21 January 2008

RBC CM Assesses Downside Risk of Banks & Life Insurance Cos

  
RBC Capital Markets, 21 January 2008

Two questions we receive most from investors are: (1) with Canadian bank shares down 24% from their 52 week highs and lifeco shares down 15%, are these levels where the stocks should be bought; and (2) if a recession hits the North America, what kind of downside risk could there be in bank and lifeco stocks.

We would not add to Canadian financial services positions at this time as we see increased downside risk to earnings and the economy, and we do not believe valuations are at "back up the truck" levels. Bank and lifeco stocks may trade higher in a year if the economy avoids a recession, but it is still too early to buy the stocks, in our view.

We believe the next set of earnings will be difficult for lifecos given the high Canadian dollar, shaky equity markets and declining long term interest rates. For banks, net interest income margins are likely to remain pressured this quarter, wealth management and capital market earnings growth may be weaker than in past years and we believe that companies with exposure to CDOs and AAA-rated monolines are at risk of further writedowns. Higher loan losses are expected for those with U.S. exposure in Q1/08, while normalization of loan losses may hit all banks as the year progresses. For banks, we believe that investors default to price to book in times of economic stress, a period in which credit losses rise rapidly and wealth management and capital market earnings become difficult to predict. The banks traded at an average 1.65x book at the last trough (fall of 2002), which coincided with rapidly rising loan losses and difficult equity markets. A decline from current multiples to 1.65x book would suggest 20-25% of downside risk.

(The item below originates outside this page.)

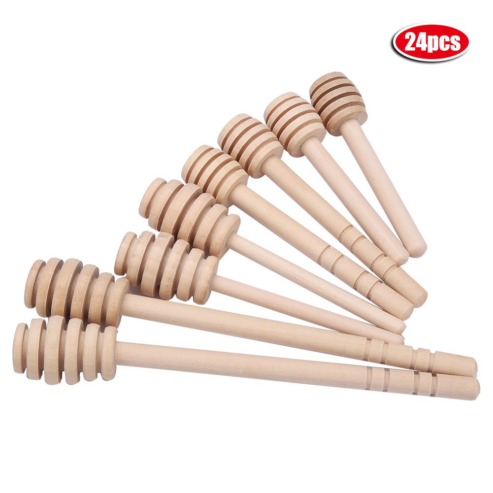 .›24Pcs Wooden Honey Dripper Stick Server Jam Syrup Drizzler Stirring Rod Kitche

Canadian lifecos have not been public for long, but if excluding the period in which they were expected to merge, they have traded at 10.0-14.5x earnings. They are currently trading at 12.0x forward earnings, suggesting 15% downside risk if valuations decline to trough levels. We emphasize P/E instead of P/B since lifecos may be able to post earnings growth close to estimates even if the macro environment worsened given the size of their actuarial reserves. Multiples could decline, however, as the perceived quality of earnings would be negatively impacted in an environment of lower interest rates and weaker equity and credit markets.

We believe the Canadian banks and lifecos are financially solid companies, which are unlikely to cut dividends, have well established franchises and should come out of a recessionary environment better than many global peers. However, there is downside risk to earnings and stock prices if economic news worsens and equity markets continue to decline.